Nothing but the lines from the one holding "yönleriyle ele alınacak." to the final line of the listing below, both included, should be repeated, and each must match exactly. Omit pictures.

--- MATERIAL PROVIDED Enclosed Below ---

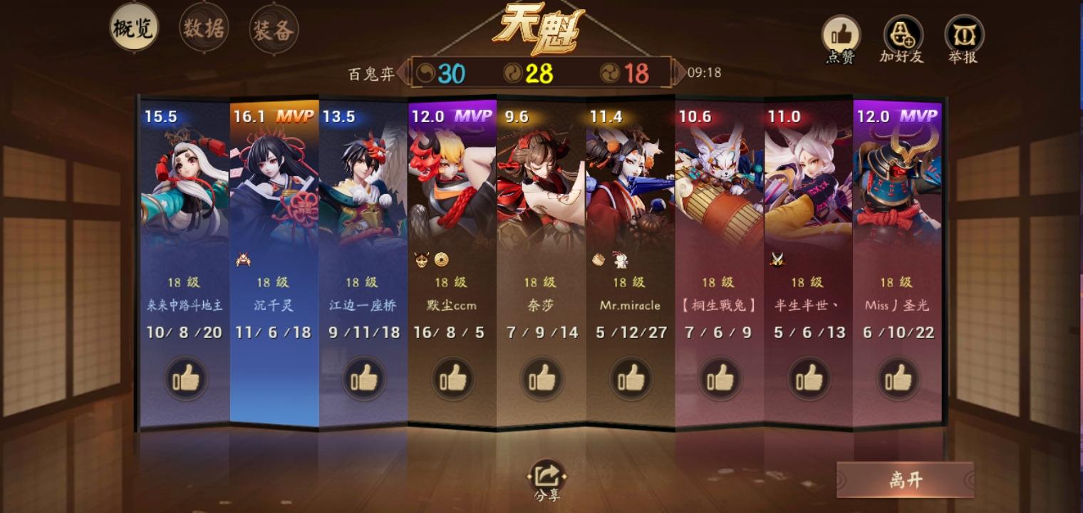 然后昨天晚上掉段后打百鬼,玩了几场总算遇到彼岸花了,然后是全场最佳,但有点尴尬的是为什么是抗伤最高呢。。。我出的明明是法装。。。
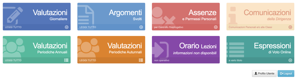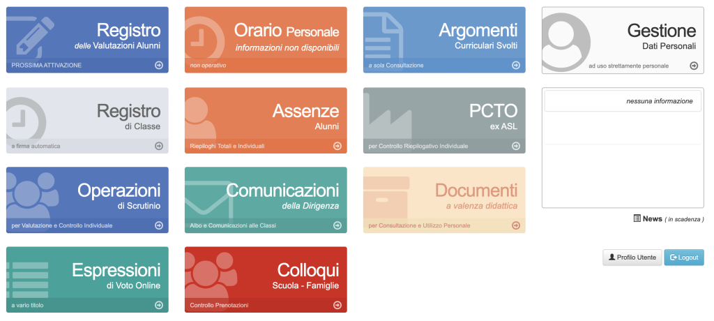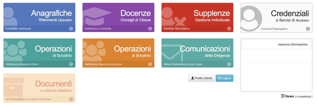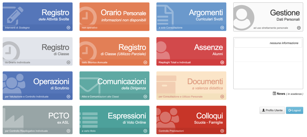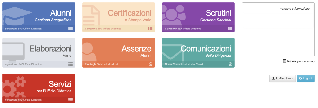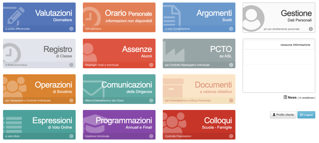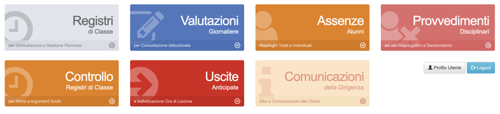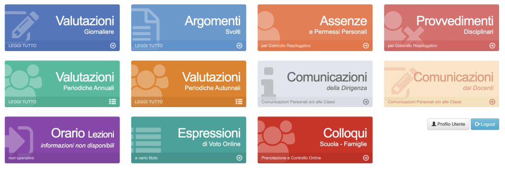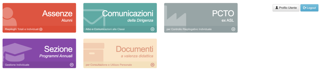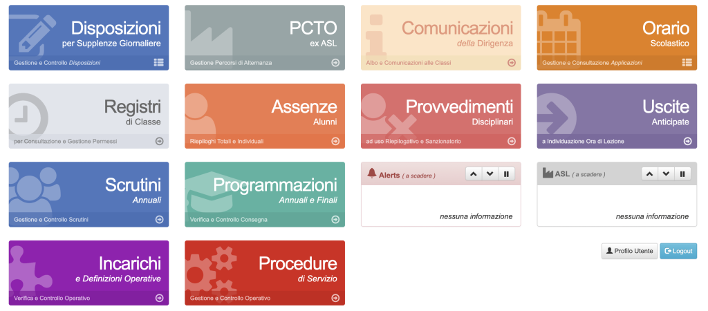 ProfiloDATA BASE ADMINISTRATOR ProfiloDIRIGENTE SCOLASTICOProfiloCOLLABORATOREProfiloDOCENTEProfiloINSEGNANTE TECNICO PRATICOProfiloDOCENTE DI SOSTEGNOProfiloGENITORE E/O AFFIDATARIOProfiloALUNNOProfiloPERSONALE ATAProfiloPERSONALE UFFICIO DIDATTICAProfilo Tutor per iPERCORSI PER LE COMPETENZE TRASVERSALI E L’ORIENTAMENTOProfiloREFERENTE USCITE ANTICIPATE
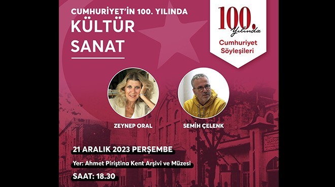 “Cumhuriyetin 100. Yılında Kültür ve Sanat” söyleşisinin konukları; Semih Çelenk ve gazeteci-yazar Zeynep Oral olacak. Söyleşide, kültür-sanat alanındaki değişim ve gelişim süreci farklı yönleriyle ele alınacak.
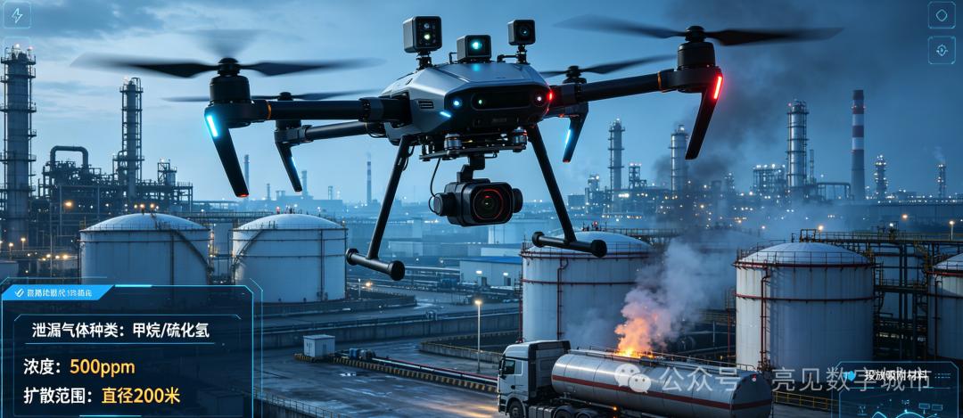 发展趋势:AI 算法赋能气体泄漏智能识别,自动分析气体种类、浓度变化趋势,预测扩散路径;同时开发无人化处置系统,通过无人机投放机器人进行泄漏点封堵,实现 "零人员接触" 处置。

--- End of Enclosed MATERIAL PROVIDED ---

(RESPONSE BELOW)
 “Cumhuriyetin 100. Yılında Kültür ve Sanat” söyleşisinin konukları; Semih Çelenk ve gazeteci-yazar Zeynep Oral olacak. Söyleşide, kültür-sanat alanındaki değişim ve gelişim süreci farklı yönleriyle ele alınacak.
 发展趋势:AI 算法赋能气体泄漏智能识别,自动分析气体种类、浓度变化趋势,预测扩散路径;同时开发无人化处置系统,通过无人机投放机器人进行泄漏点封堵,实现 "零人员接触" 处置。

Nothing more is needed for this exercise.